*** Opening Recorded information ***

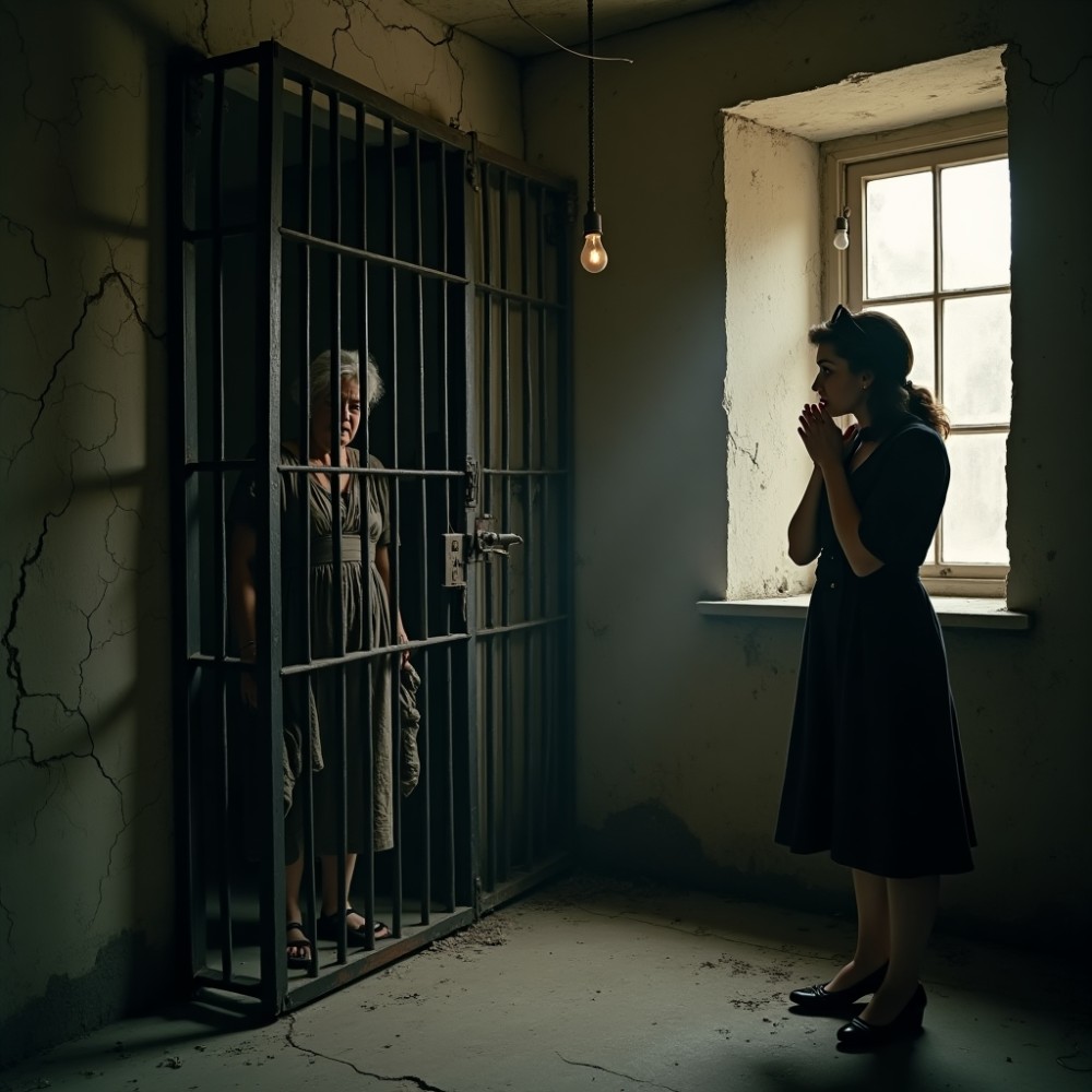 A zseblámpa fénye egy vasrácsos ketrecen állapodott meg. A sarokban egy rongyokba burkolt, reszkető női alak kuporgott.
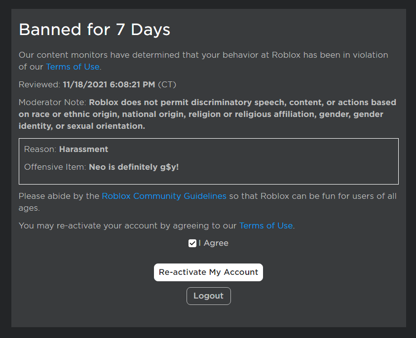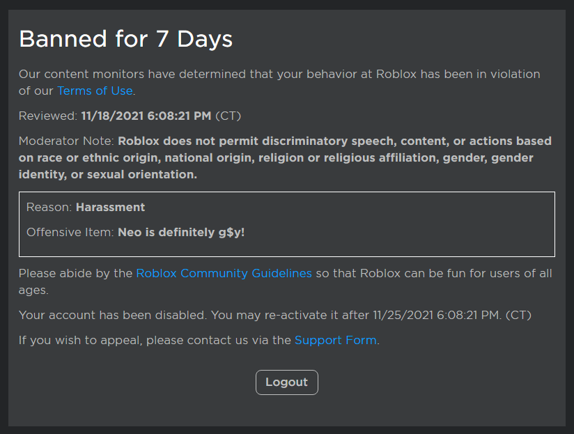 "Excuse me, what the [SICK!!]? I was tryin' roleplayin' in FNF Roblox. Bruh- I got banned for 7 days.. I guess, I'll have to wait for 7 days" >:/
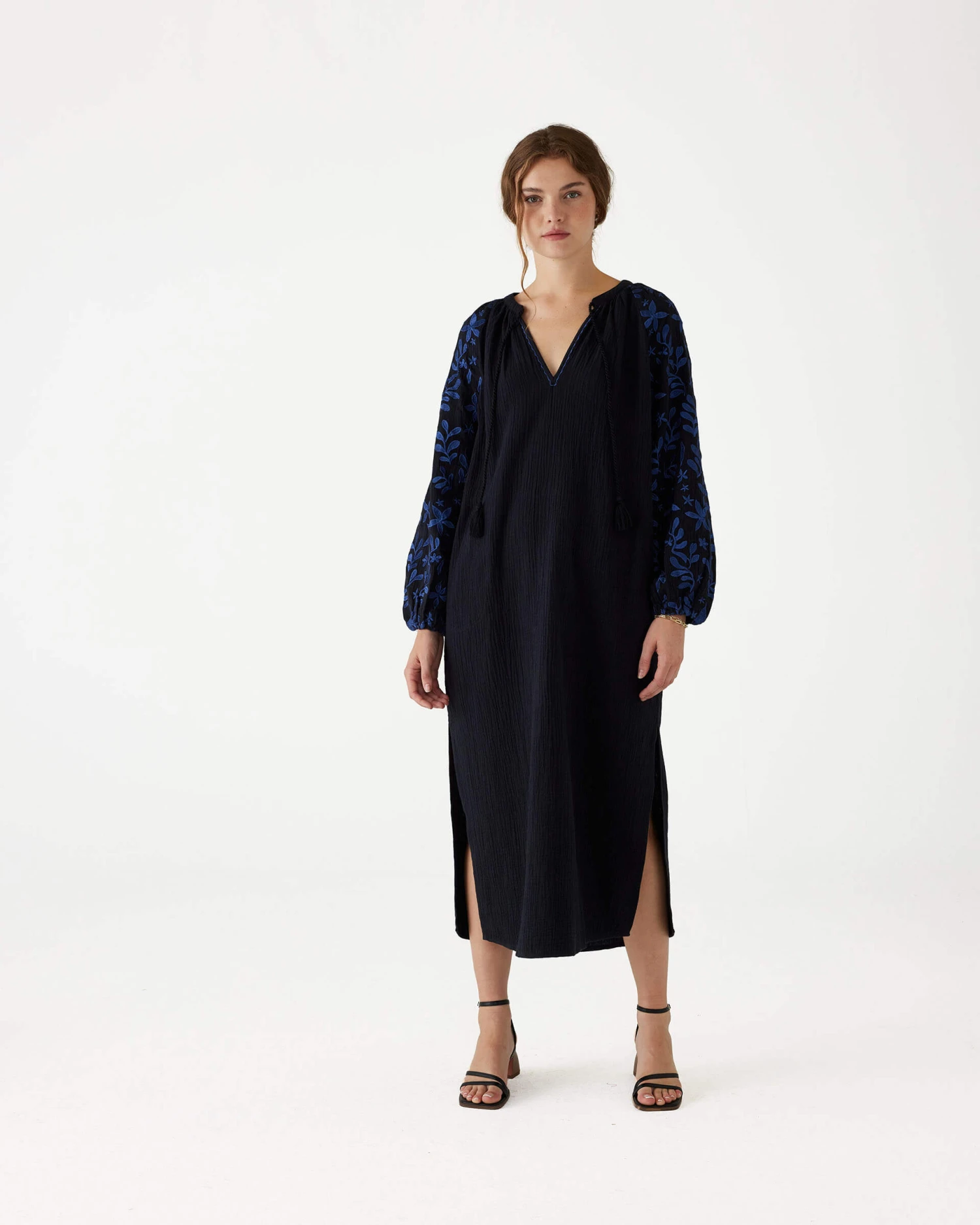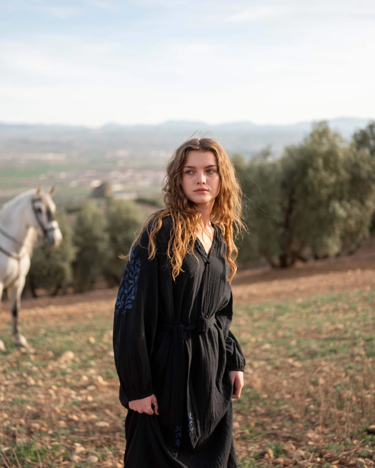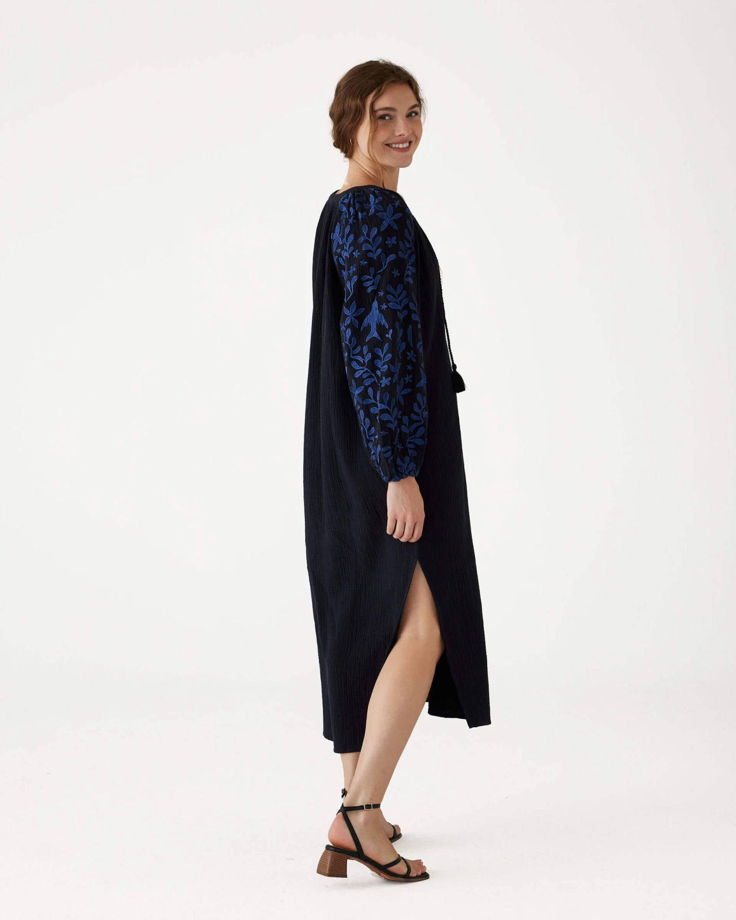 Our Palermo Maxi Dress comes intricately embroidered with vines, flowers and birds inspiring us to follow nature’s way. The tan linen and yellow stitching are the soothing, earthy tones you need this summer for exploring cobblestone streets, sitting by the pool and dining on the patio. With elastic cuffs, tassel ties and a v-neckline, you’re sure to be the most comfortable and well-dressed.

*** Closing Recorded information ***

— Work request —
Write out the listing word for word, omitting the pictures it holds.

— Solution to this problem —
 A zseblámpa fénye egy vasrácsos ketrecen állapodott meg. A sarokban egy rongyokba burkolt, reszkető női alak kuporgott.
 "Excuse me, what the [SICK!!]? I was tryin' roleplayin' in FNF Roblox. Bruh- I got banned for 7 days.. I guess, I'll have to wait for 7 days" >:/
 Our Palermo Maxi Dress comes intricately embroidered with vines, flowers and birds inspiring us to follow nature’s way. The tan linen and yellow stitching are the soothing, earthy tones you need this summer for exploring cobblestone streets, sitting by the pool and dining on the patio. With elastic cuffs, tassel ties and a v-neckline, you’re sure to be the most comfortable and well-dressed.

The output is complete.